Aujourd’hui, avec l’agentic AI, une idée peut être portée par un seul individu, épaulé par des agents intelligents qui assument des rôles autrefois réservés à une équipe de vingt personnes. Les idées prennent donc une place encore plus déterminante, puisque l’exécution devient plus simple.
Mais une IA, même non générale, n’est-elle pas déjà plus créative que la plupart des humains ?
Je vois cela autrement. Travailler avec une IA, c’est comme collaborer avec quelqu’un de créatif, mais dont la créativité diffère de la nôtre. Elle peut très bien écrire un article, mais elle ne va pas inventer un nouveau genre. Je ne me sens pas menacé par une autre personne créative, même si elle pense différemment.
Ce qui m’inquiète davantage, c’est le faible pourcentage de personnes qui se considèrent comme créatives. J’ai posé la question à l’audience au Maroc, seules 5% des personnes dans la salle se sont déclarées créatives. Aux États-Unis, c’est souvent 50%. Beaucoup associent la créativité à une forme artistique – architecte, musicien –, alors que pour moi, elle consiste à générer des idées susceptibles de déboucher sur de l’innovation.
Comment libérer ce potentiel créatif en soi ?
La créativité suit un cheminement en plusieurs temps, de la recherche à l’incubation, puis à l’instant d’insight – ce moment fragile où une idée surgit –, avant de passer à l’évaluation et à l’élaboration. À chaque phase, des gestes simples peuvent stimuler l’inspiration. Si par exemple le café aide à se concentrer pendant la recherche ou l’exécution, il tend à freiner les intuitions spontanées.
Ce sont de petites habitudes. Beaucoup d’idées émergent au petit matin. Pendant le sommeil, l’esprit continue de travailler en arrière-plan.
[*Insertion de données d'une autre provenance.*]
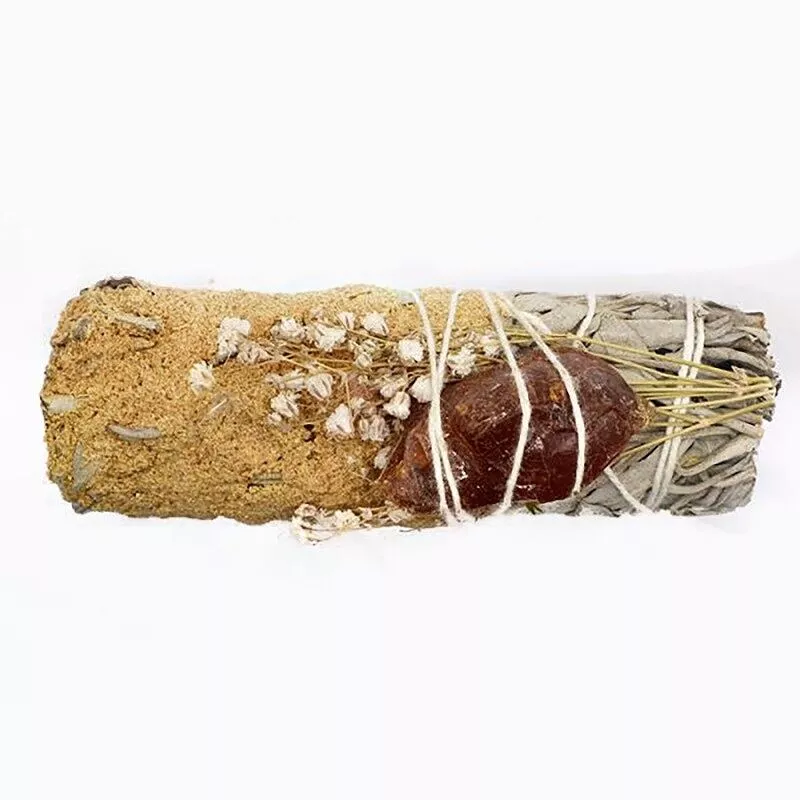1 unidad de atado purificante de salvia blanca con palo santo y ámbar de 10 cm. Ideal para limpieza energética, protección y armonización de espacios.
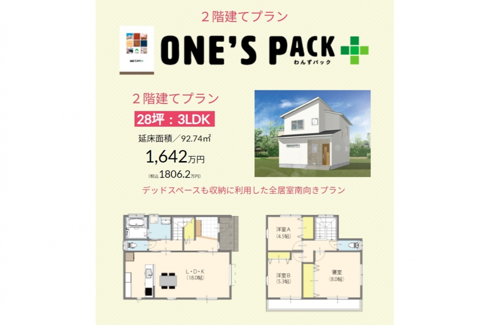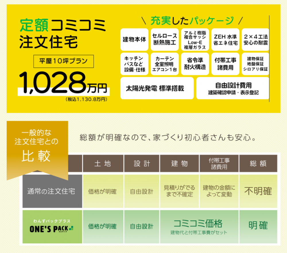 「わんずパック+」は地震に強い2×4(ツーバイフォー)工法を標準施工とし、建坪で総額がわかる定額制のパッケージプランです。
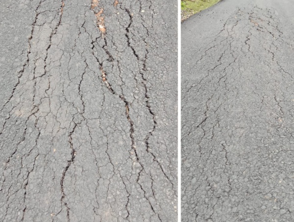 Adanya kerusakan di beberapa titik diduga karena bangunan jalan aspal hotmik tersebut kurang berkualitas dan dalam pengerjaannya diduga kurang pengawasan yang ekstra dari pihak terkait.

Poser une question ouverte avant de s’endormir – «Comment améliorer ce projet ?», «Comment résoudre ce problème ?» – favorise le processus de créativité.
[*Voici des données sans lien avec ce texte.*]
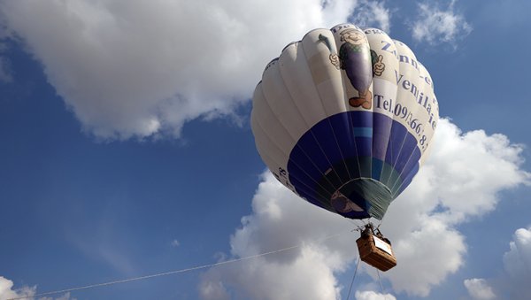 Ziyaretçiler tarafından büyük ilgi gören balon, basın mensuplarının katılımıyla yaklaşık 50 metre yükseğe havalandı.

Vous défendez une vision collective de la créativité. En quoi le travail d’équipe est-il essentiel à l’innovation?
La créativité est présentée toujours dans les médias comme une success-story individuelle. Mais la réalité, c’est que l’innovation résulte de collaborations, d’échecs, d’améliorations. Mon parcours dans l’industrie musicale m’a appris qu’un grand concert repose sur des centaines de personnes.
Le public voit un artiste, mais, derrière, il y a des mentors, des managers, des coachs vocaux… C’est un travail d’équipe. Le film “The Imitation Game” illustre bien cette réalité. Il retrace l’histoire d’Alan Turing, qui a permis de décrypter les codes Enigma pendant la Seconde Guerre mondiale. Il était brillant, bien sûr. Mais ce que le film ne dit pas, c’est qu’à Bletchley Park, 10.000 personnes travaillaient dont 78% étaient des femmes. Beaucoup d’entre elles sont ensuite passées dans le commerce ou la distribution. Ce sont elles qui ont pensé les parcours clients dans les magasins – l’emplacement des produits, le niveau des étagères, la manière dont on circule dans un supermarché.
Aujourd’hui encore, les services de renseignement comptent un nombre élevé de profils dits neurodivergents – dyslexiques, autistes… parce qu’ils pensent différemment. Le vrai leadership, c’est de savoir réunir des forces hétérogènes et d’utiliser les tensions qui en émergent. Elles sont inévitables, mais elles nourrissent aussi la créativité collective.